In [None]:
import sys
sys.path.append("../")

import numpy as np
import pandas as pd
import torch
from tqdm import tqdm

# Import from src
from src import SERIES_DIR, TRAIN_CSV
from src.bricks import Predictor
from src.models import UNet3DClassifier

# Error Analysis and Hard Negatives

This notebook uses the Predictor class to identify:
- False negatives (missed aneurysms)
- False positives (incorrect detections)
- Hard negatives for model improvement

In [None]:
# Load data
df_train = pd.read_csv(TRAIN_CSV)
print(f"Loaded {len(df_train)} series")

## Load Model

In [None]:
device = torch.device("cuda" if torch.cuda.is_available() else "cpu")

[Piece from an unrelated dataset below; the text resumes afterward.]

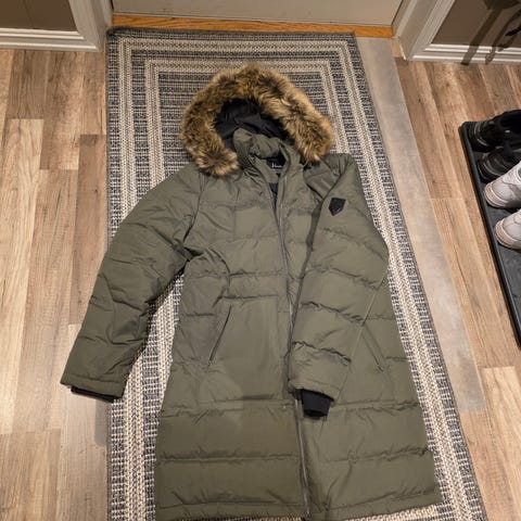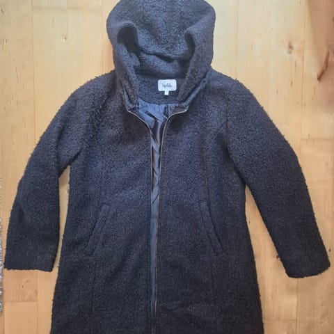 Vertical kåpe for dame i størrelse 46. Jakken er blå og har en lengre passform. Den har hette med avtakbar hette med fuskepelskant, og glidelåslukking foran. Praktiske sidelommer. Egnet som yttertøy i kaldt vær.

model = UNet3DClassifier(in_ch=1, base_ch=16).to(device)
# model.load_state_dict(torch.load("path/to/model.pth"))
model.eval()

print(f"Model loaded on {device}")

## Initialize Predictor

In [None]:
predictor = Predictor(
    model_dict={"default": model},
    cube_size=(48, 48, 48),
    stride=(24, 24, 24),
    device=device
)
print("Predictor initialized")

## Analyze Errors

Run predictions and identify false positives/negatives.

In [None]:
import os
available_series = [d for d in os.listdir(SERIES_DIR)
                   if os.path.isdir(os.path.join(SERIES_DIR, d))]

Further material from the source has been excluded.